What you’re not seeing is that TS is a structurally typed language, not a nominally typed language. Two type signatures defined in different places with a different name may be assignable to each other - so typescript usually has to deep-compare, recursively, the two types until a conflicting field is found.

So just hash the structures?

TypeScript team member here: the structures are arbitrarily deep and recursive.
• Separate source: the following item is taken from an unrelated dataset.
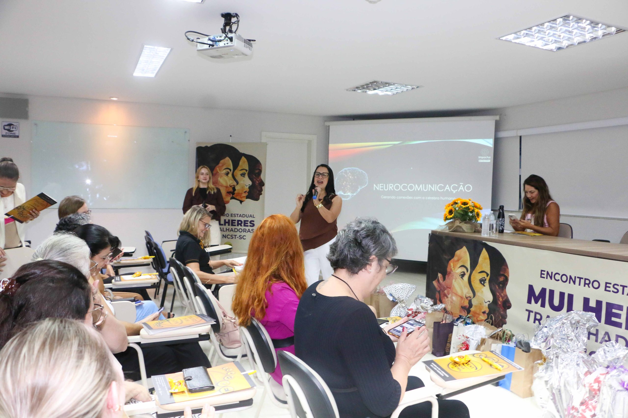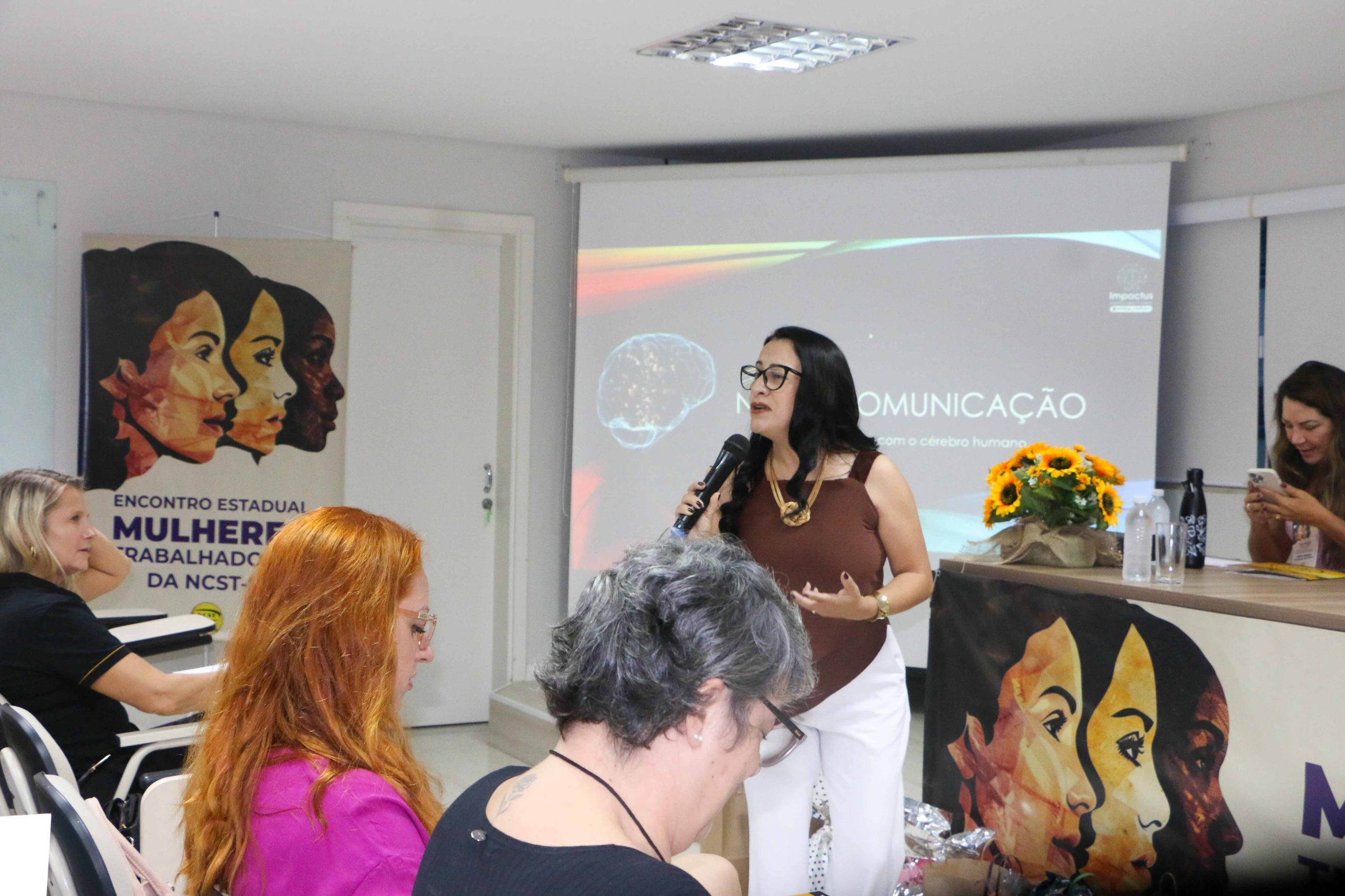 A programação do 10º Encontro das Mulheres Trabalhadoras da Nova Central Sindical de Trabalhadores de Santa Catarina (NCST-SC) seguiu nesta sexta-feira, 4 de abril, com a palestra “Neurocomunicação: gerando conexões com o cérebro humano”, conduzida pela especialista Cristiane da Luz Oliveira.

Also, as explained in a sibling comment, it's not just about type identity, but type assignability.

Hashing lets you know whether it's the same type or two different types, but you still need to look at the members to find out whether one is a subtype of the other.

> This statement makes me think... how come the TS compiler is not using something like a hash/map (object) of union members to basically ignore redundancy?

The trouble is the operation isn't "is X a member of Y", rather it's "does X match any values of Y according to predicate P."

You can break that out if you have knowledge of possible X's and P, as is the case with type matching.

Say we are checking G[] against {str, "foo literal", int[]}. I have no idea how TS implements these internally, but say the underlying type expressions are:

    [{head: String}, 
     {head: String, constraint:"foo literal"}, 
     {head: Array, element:{head: Integer}}]

And G[] is {head:Array, element: {head: Generic, name: "G"}}.

We could reasonably require that heads are all simple values, and then group types as such:

    {String: [{head: String},
              {head: String, constraint:"foo literal"}],
     Array: [{head: Array, element: {head: Integer}}]}

You'd still have to try to match that generic parameter against all the possible Arrays, but you could add more levels of hashing.

The downside is, of course, it's quite tricky to group types like this and prove that it returns the same results as checking all pairs, especially when you have a complex type system.